Work instruction
Reproduce word for word the lines of the listing from the first one through the one with "- Click on No, if", omitting every picture.

(The data Opens)

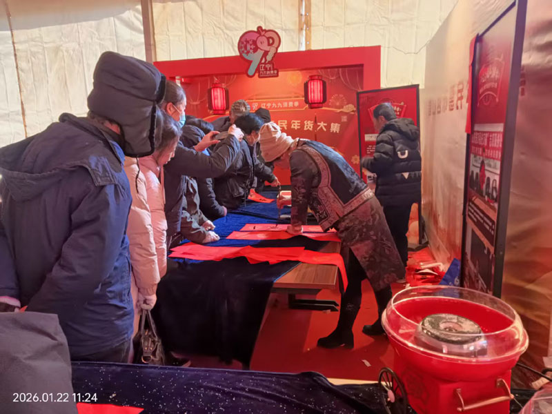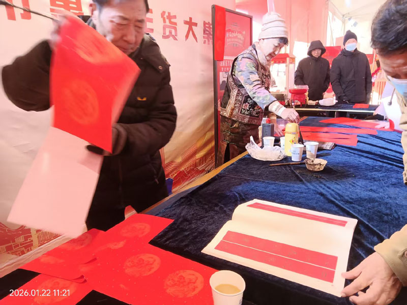 元月21日至23日,營口市西市區(qū)惠民年貨大集在西市迎春市場隆重舉行。市場里貨品充足,顧客盈門,人們從四面八方涌來,熱鬧非凡,我是在集市開幕的第二天來到那里的,雖然沒有看到開幕式,但是,這里的氣氛依然是年味濃濃,主打一個(gè)紅字。有紅招牌,紅舞臺,掛紅燈籠,紅福字,紅掛件,外加紅對聯(lián)。何止有現(xiàn)成的對子,而且我還看到,有好幾個(gè)書法家現(xiàn)揮筆潑墨,免費(fèi)給前來的顧客書寫春聯(lián),更加顯示了文化和經(jīng)濟(jì)同臺唱戲,春節(jié)未到,這里面已經(jīng)喜氣洋洋。
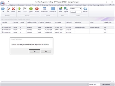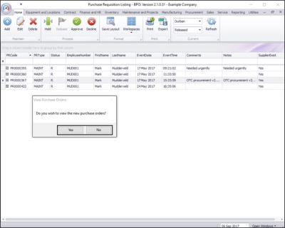 - Click on No, if you want to remain in the Purchase Requisition Listing screen.
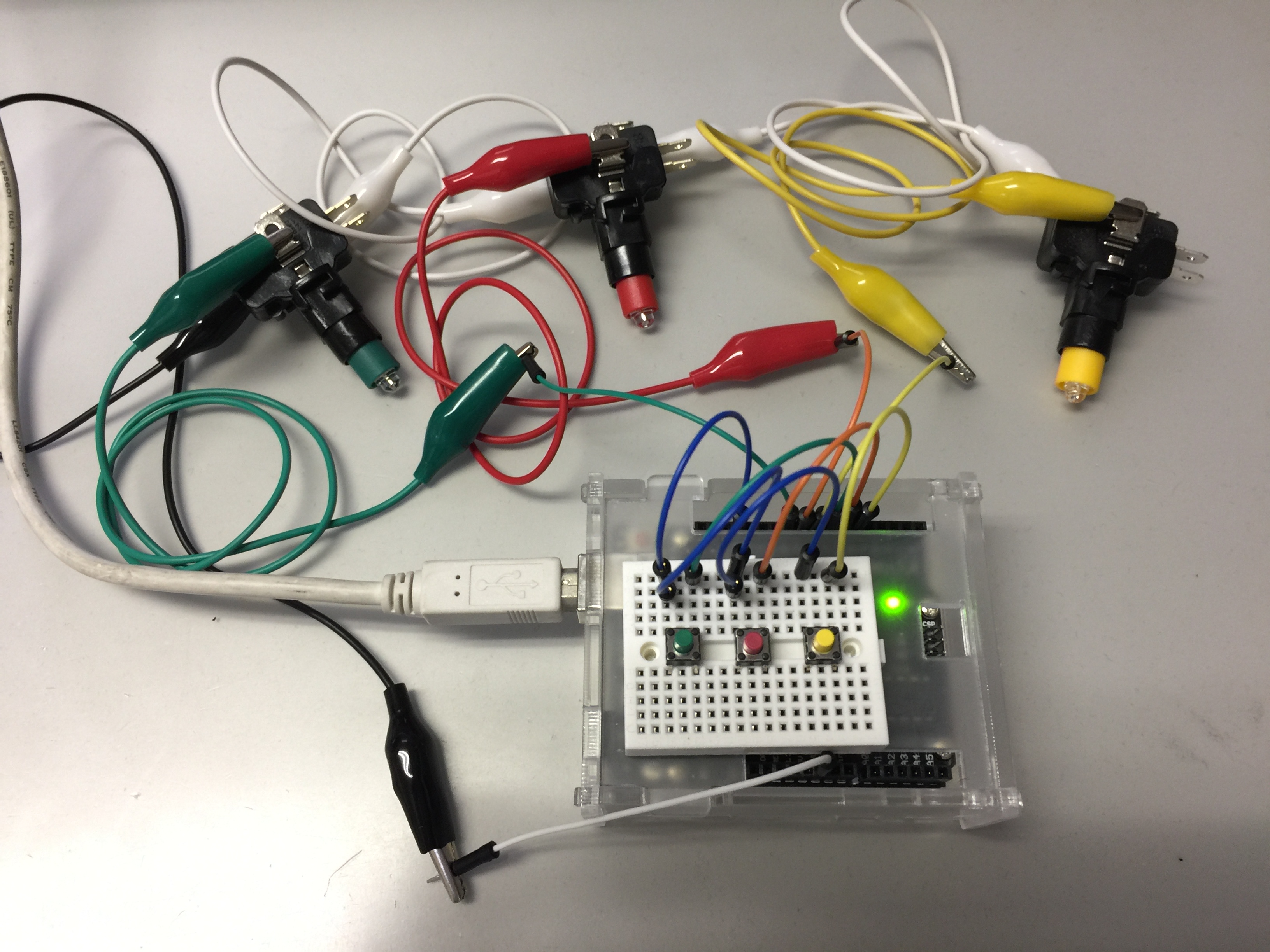 緑色と黄色のプッシュボタンは直径52mmでLEDが入っていましたが、赤色は少し違っていて直径50mmでLED無しでした。 赤色ボタンはLEDがないので、ボタンは光らせない方針とします。LEDが手に入ったら、気が変わって光らせるかもしれませんが。 (2017/08/06追記、LEDを入手しましたので、将来の事例集で光らせたいと思います。別電源にした方がいいのかな。未検討です。 LEDの印加電圧は12Vと書いてあったけど、5Vで光るんだけどなぁ) 材料表にプラボックスを書いていますが、まだプラスチックボックスへのボタンの組み込みはしていません。 ボックスに取り付け穴を開ける道具を持っていないので、近く道具を持っている人のところで加工してきます。 組み込みが終わったら、完成写真を追加したいと思います。時期は未定ですが。 写真でわかるかなぁ、Arduinoのデジタルピンの接続先を一応書いておきます。緑ボタン->7番ピン,赤ボタン->6番ピン,黄ボタン->5番ピンです。 色の順番は適当に決めたので、ご自由に~。 (*)最新のプログラムでは認識するピン番号が変わっていますので、写真の接続は参考にとどめてください。 LEDの点灯テストの様子をとりあえず掲載しておきます。 LED部分には抵抗が入っていましたので、そのままArduinoから出力しています。 緑以外は暗いですね。 プラボックスに組み込んだ完成品です。 LEDはArduinoのDC端子に入力された電圧を使えるようにしています。9V1Aまたは12V2AのDCアダプタを使っています。5Vでは緑がよく光っていましたが、9V/12Vでも傾向は同じです。緑以外の明るさはいまいちです。明るさは緑>赤>黄の順番です。写真は9VのDCアダプタを使った時のものです。 【wcs_button】 Arduinoにつないだ緑色のボタンを押すと、緑ONの状態変化がArduinoからwcs_buttonにシリアル経由で送られます。 ボタンを離すと、緑OFFの状態変化が送られます。赤色ボタンだけを押した時、黄色ボタンだけを押した時、3色すべてのボタンを押した時、のwcs_buttonの画面の様子は以下の通りです。
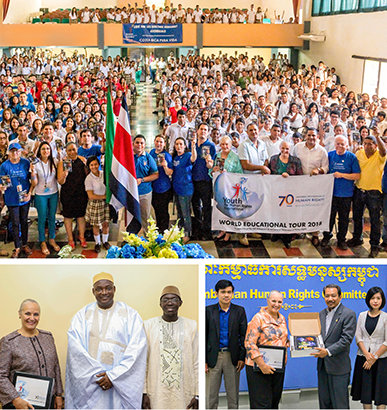 I 15 år har ordförande för internationella Ungdomar för mänskliga rättigheter, dr Mary Shuttleworth, varje år rest världen över under sin undervisningsvärldsturné. Årets resa på 5 600 mil genom sju länder gjordes för att fira 70‑årsdagen av FN:s allmänna förklaring om de mänskliga rättigheterna (UDHR), som antogs den 10 december 1948.

(The data Closes)

Task result
 元月21日至23日,營口市西市區(qū)惠民年貨大集在西市迎春市場隆重舉行。市場里貨品充足,顧客盈門,人們從四面八方涌來,熱鬧非凡,我是在集市開幕的第二天來到那里的,雖然沒有看到開幕式,但是,這里的氣氛依然是年味濃濃,主打一個(gè)紅字。有紅招牌,紅舞臺,掛紅燈籠,紅福字,紅掛件,外加紅對聯(lián)。何止有現(xiàn)成的對子,而且我還看到,有好幾個(gè)書法家現(xiàn)揮筆潑墨,免費(fèi)給前來的顧客書寫春聯(lián),更加顯示了文化和經(jīng)濟(jì)同臺唱戲,春節(jié)未到,這里面已經(jīng)喜氣洋洋。
 - Click on No, if you want to remain in the Purchase Requisition Listing screen.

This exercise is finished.